Jonathan Mirsky

Fear hovers in China

The Boat to Redemption, by Su Tong

issue 16 January 2010

It’s lovely to be the child of a Chinese Revolutionary Martyr. It means your parent died especially heroically for the Communist cause. I had a friend who was such a son; his father, a high-ranking Chiang Kaishek army officer, came over to the Maoist cause and died fighting for it against his former comrades. The big thing for the son was that he had access to his dang-an, the official dossier containing the personal and political details of individual Chinese, which is closely guarded by the security apparatus. Few ever see their dang-an — which can make or break your career — but my friend could add favourable facts to his and excise damning ones.

It follows that it is a very bad thing to be accused of not being the genuine son or the grandson of a RM, especially if you once enjoyed many good things, including career advantages and public esteem on the strength of such a pedigree. It makes no difference if you believed you were genuine.

Such are the fates in The Boat to Redemption of Ku Wenxuan, the son of the woman martyr Deng Shaoxiang, and of her grandson Ku Dongliang. A secret courier for the Communist side during the civil war before Mao’s victory in 1949, Deng was hanged by the enemy, leaving behind, it was always stated, a baby son with a fish birthmark on his backside.

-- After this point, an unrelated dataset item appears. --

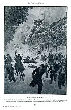 El pronóstico de un futuro conflicto también fue un tema recurrente de la anticipación. Hubo un primer acercamiento en la novela de Albert Robida La Guerre au vingtième siècle (La guerra del siglo XX, 1887)[4] antes de que el artista la tratara a profundidad en el semanario satírico La Caricature (La Caricatura) y luego en sus composiciones para La Guerre infernale (La guerra infernal, 1908), una novela de Pierre Giffard en el contexto de las «vísperas de una guerra». Las ilustraciones de Robida expresan el carácter especialmente mortífero e innovador de la guerra que se avecinaba (autos blindados, gases asfixiantes y máscaras de gas, obús gigantescos, torres de vigilancia antiaéreos, etcétera), sin caer por eso en un nacionalismo belicista propio de otros autores que se especializaron en este nicho, como el capitán Danrit, un militar y escritor francés,[64] con su tetralogía La Guerre de demain (La guerra del mañana, 1888-1896) y Albert Bonneau con su saga Les Samouraïs du Soleil pourpre (Los samuráis del Sol carmesí, 1928-1931).[4] Por último, esta anticipación puede tomar la forma de relato apocalíptico, como un cataclismo. En partícular, en La Force mystérieuse (La fuerza misteriosa, 1913), de J.-H. Rosny aîné, un espectro luminoso afectado por una perturbación cósmica desconocida provoca un ataque de locura temporal en el mundo entero y extermina a gran parte de la humanidad.[65] El astrónomo Camille Flammarion también trató el tema en La Fin du monde (El fin del mundo, 1893), texto que es al mismo tiempo una novela y un ensayo científico en que se debaten los distintos finales posibles del planeta Tierra.[66]
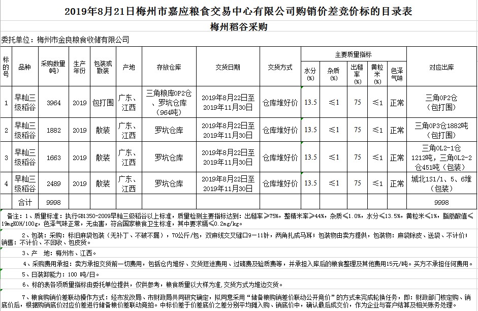 受客戶委托,梅州市嘉應(yīng)糧食交易中心有限公司定于2019年8月21日(星期三)舉辦稻谷購銷價差聯(lián)動標(biāo)的交易會,梅州市金良糧食收儲有限公司擬銷售和采購早秈稻9998噸。

When baby Ku grew up, famed for his lineage and his birthmark, he became a big shot in Milltown, a smallish place on a river. But doubts grew about his authenticity, which he himself had never questioned; after many other boys and men flaunted similar birthmarks he was disgraced. He spent the rest of his life working on a river barge with his similarly disgraced son, but never stopped sending letters to officials begging for reinstatement as a RM.